Mean serum levels of lipids have improved among American adults since the late 1980s, according to an analysis of data from three nationwide surveys, published Oct. 17 in JAMA.
Between 1988 and 2012, mean total cholesterol, non-HDL cholesterol, and LDL cholesterol levels have declined and mean HDL cholesterol levels have risen in adults overall as well as across most racial/ethnic and gender categories, said Margaret D. Carroll of the Division of Health and Nutrition Examination Surveys, National Center for Health Statistics, Hyattsville, Md., and her associates.
The investigators examined data from the National Health and Nutrition Examination Surveys (NHANES) for 1988-1994, 1999-2002, and 2007-2010 to track temporal trends in lipid levels. Each cross-sectional survey included health-related interviews and physical examinations of a nationally representative sample of tens of thousands of adults.
In the adult population as a whole, the mean total cholesterol level declined in a linear fashion from 206 mg/dL in 1988-1994 to 203 mg/dL in 1999-2002 and to 196 mg/dL in 2007-2010. This pattern remained the same in separate analyses of men and women and in all racial/ethnic subgroups, except for Mexican American men (JAMA 2012;308:1545-54).
LDL cholesterol also decreased in a linear fashion in all adults, from 128 mg/dL in the first survey to 124 mg/dL in the second and to 119 mg/dL in the final survey. LDL cholesterol levels declined in both men and women and eventually converged, so there was no longer a difference between the sexes in the latest survey.
HDL cholesterol rose in a linear fashion from 50.7 mg/dL to 52.5 mg/dL among all adults, and also rose in separate analyses of both sexes.
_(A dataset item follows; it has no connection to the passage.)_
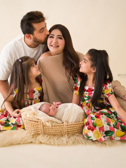 I photograph newborns and babies in my Gurgaon studio with safe posing, soft props, and family portraits, capturing milestones like first birthdays and twins.
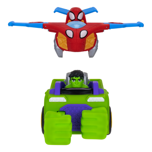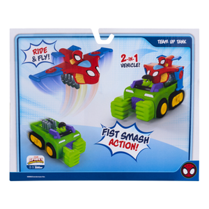 Glide, smash, and join forces with the MARVEL Spidey and His Amazing Friends Team Up Tank. Featuring two unique vehicles including Spidey and Hulk, this heroic duo can join forces to stop baddies everywhere. First, roll out the 6-inch Hulk Smash Tank and push it forward to make its fists punch. Then, fly in the 4-inch Spidey Glider Jet, land on top of the Hulk Smash Tank, and its wings will fold down to join into one vehicle. When it’s time to split up, launch the Spidey Glider Jet and its wings will pop back up on their own. The MARVEL Team Up Tank is inspired by the hit show Spidey and His Amazing Friends. Officially licensed MARVEL product from Jazwares. Ages 3+

When the data were broken down by racial/ethnic categories, HDL cholesterol rose in whites of both sexes but not in blacks or Mexican Americans.
Triglycerides showed a slightly different pattern, rising between the late 1980s (118 mg/dL) and the early 2000s (123 mg/dL), but then falling again by 2010 (110 mg/dL).
All of these temporal trends persisted when the analysis was restricted to only the oldest adults, aged 50 and older.
During the study period, the number of adults taking lipid-lowering medications also rose, from 3.4% in 1988-1994 to 9.3% in 1999-2002 and to 15.5% in 2007-2010. However, these medications did not explain the entire improvement in lipid profiles, which also improved markedly in adults who weren’t taking them.
"The Healthy People 2010 guideline of an age-adjusted mean total cholesterol level of 200 mg/dL or less has been achieved in [all] adults, in men, in women, and in all race/ethnicity and sex subgroups. However, the age-adjusted mean LDL cholesterol level in adults of 116 mg/dL [remains] higher than the optimal range of below 100 mg/dL, [which is] associated with a lower risk of CHD [coronary heart disease]," Ms. Carroll and her colleagues said.
The researchers speculated that the favorable trends in lipid profiles might be attributable in part to a decrease in the consumption of trans-fatty acids and to other healthy lifestyle changes. The changes are unlikely to have resulted from increases in physical activity or decreases in the intake of saturated fat, as other studies have demonstrated that activity has not increased and saturated fat intake has not declined during the study period, they said.
This laboratory analysis of lipids was funded by the National Heart, Lung, and Blood Institute. NHANES is conducted by the National Center for Health Statistics and the Centers for Disease Control and Prevention. No conflicts of interest were reported.